__Data for analysis__.
--- START ---

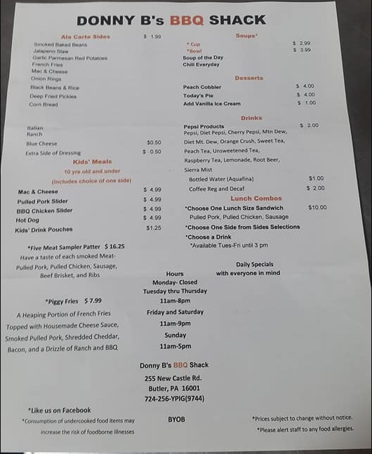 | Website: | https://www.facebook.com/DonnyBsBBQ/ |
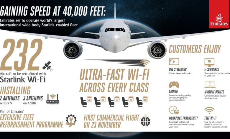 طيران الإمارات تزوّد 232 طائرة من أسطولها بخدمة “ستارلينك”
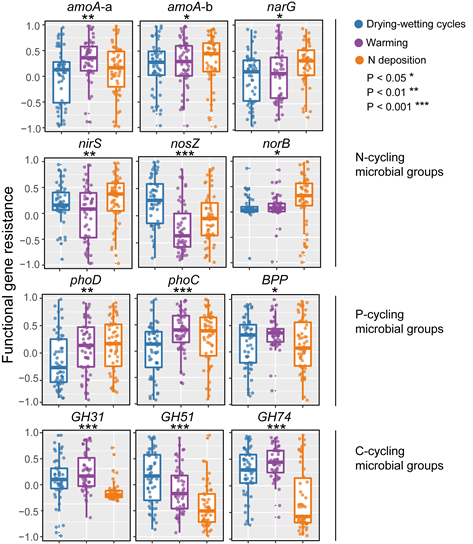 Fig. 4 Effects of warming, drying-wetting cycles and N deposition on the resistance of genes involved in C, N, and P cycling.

--- END ---
--- START ---

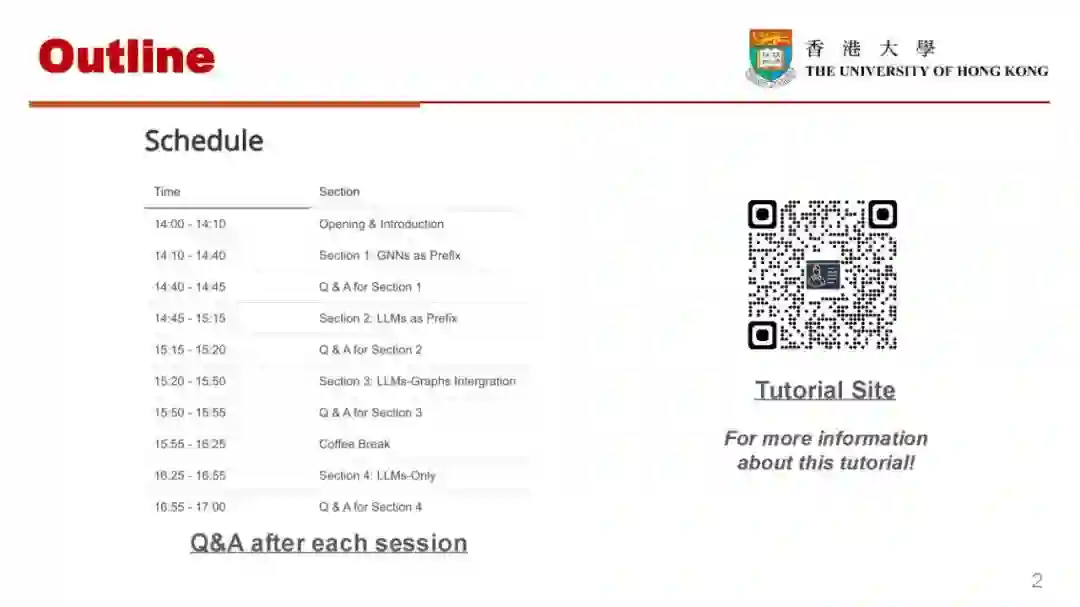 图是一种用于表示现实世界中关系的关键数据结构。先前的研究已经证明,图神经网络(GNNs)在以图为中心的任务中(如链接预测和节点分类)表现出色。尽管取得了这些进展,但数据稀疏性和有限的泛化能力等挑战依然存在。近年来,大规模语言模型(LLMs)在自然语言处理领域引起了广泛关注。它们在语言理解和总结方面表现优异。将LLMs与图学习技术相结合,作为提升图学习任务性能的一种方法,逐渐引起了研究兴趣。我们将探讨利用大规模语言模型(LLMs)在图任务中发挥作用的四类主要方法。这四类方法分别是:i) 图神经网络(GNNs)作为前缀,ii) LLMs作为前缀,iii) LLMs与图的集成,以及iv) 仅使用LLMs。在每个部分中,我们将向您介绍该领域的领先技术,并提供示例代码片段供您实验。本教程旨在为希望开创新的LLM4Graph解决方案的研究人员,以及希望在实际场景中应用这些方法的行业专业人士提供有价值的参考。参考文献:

--- END ---
--- START ---

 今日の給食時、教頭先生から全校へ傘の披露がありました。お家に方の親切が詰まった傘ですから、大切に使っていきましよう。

--- END ---

__Exercise goal__.
Please transcribe exactly the part of the records that opens with the line containing "طيران الإمارات تزوّد" and closes with the line containing "Fig. 4 Effects", both ends included, and leave out the pictures.

__Response to this task__.
 طيران الإمارات تزوّد 232 طائرة من أسطولها بخدمة “ستارلينك”
 Fig. 4 Effects of warming, drying-wetting cycles and N deposition on the resistance of genes involved in C, N, and P cycling.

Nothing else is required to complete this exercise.